| Records supplied |
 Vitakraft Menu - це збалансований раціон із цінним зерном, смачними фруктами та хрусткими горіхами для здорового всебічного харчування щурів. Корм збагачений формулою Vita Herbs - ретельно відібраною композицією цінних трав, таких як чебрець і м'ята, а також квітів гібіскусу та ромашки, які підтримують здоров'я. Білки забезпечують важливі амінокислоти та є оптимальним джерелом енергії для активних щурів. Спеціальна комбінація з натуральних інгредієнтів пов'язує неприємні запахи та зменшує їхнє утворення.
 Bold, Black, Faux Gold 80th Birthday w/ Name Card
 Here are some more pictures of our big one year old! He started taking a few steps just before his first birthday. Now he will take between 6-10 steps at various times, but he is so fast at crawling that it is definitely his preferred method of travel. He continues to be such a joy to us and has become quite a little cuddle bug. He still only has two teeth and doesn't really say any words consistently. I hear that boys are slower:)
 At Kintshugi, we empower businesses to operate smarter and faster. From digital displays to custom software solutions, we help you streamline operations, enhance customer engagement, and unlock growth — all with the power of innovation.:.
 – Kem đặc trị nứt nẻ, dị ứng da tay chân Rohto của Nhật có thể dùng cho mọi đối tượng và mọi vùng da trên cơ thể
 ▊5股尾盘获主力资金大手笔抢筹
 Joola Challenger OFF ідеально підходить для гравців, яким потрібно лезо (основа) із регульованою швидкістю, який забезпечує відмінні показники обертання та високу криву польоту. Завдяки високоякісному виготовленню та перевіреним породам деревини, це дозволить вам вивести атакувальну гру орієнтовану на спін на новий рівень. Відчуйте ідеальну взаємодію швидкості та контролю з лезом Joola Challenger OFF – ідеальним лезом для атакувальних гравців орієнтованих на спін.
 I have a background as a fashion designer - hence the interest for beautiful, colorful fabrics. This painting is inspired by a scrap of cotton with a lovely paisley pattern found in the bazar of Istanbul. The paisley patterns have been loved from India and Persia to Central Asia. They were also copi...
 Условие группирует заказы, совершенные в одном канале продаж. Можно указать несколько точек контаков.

---

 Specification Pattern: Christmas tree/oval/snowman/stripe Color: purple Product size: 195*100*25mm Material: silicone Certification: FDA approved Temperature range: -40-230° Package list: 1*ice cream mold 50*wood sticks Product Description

...

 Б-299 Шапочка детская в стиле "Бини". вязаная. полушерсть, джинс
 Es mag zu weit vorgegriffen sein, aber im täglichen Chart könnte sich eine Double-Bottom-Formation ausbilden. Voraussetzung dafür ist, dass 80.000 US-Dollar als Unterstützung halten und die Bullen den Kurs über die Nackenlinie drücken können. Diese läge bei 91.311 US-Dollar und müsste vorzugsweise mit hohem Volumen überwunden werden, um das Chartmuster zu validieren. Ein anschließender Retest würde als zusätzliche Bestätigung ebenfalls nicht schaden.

| Your goal |
Look through the entries and return every line where "with" appears.

| Answer to the exercise |
 At Kintshugi, we empower businesses to operate smarter and faster. From digital displays to custom software solutions, we help you streamline operations, enhance customer engagement, and unlock growth — all with the power of innovation.:.
 I have a background as a fashion designer - hence the interest for beautiful, colorful fabrics. This painting is inspired by a scrap of cotton with a lovely paisley pattern found in the bazar of Istanbul. The paisley patterns have been loved from India and Persia to Central Asia. They were also copi...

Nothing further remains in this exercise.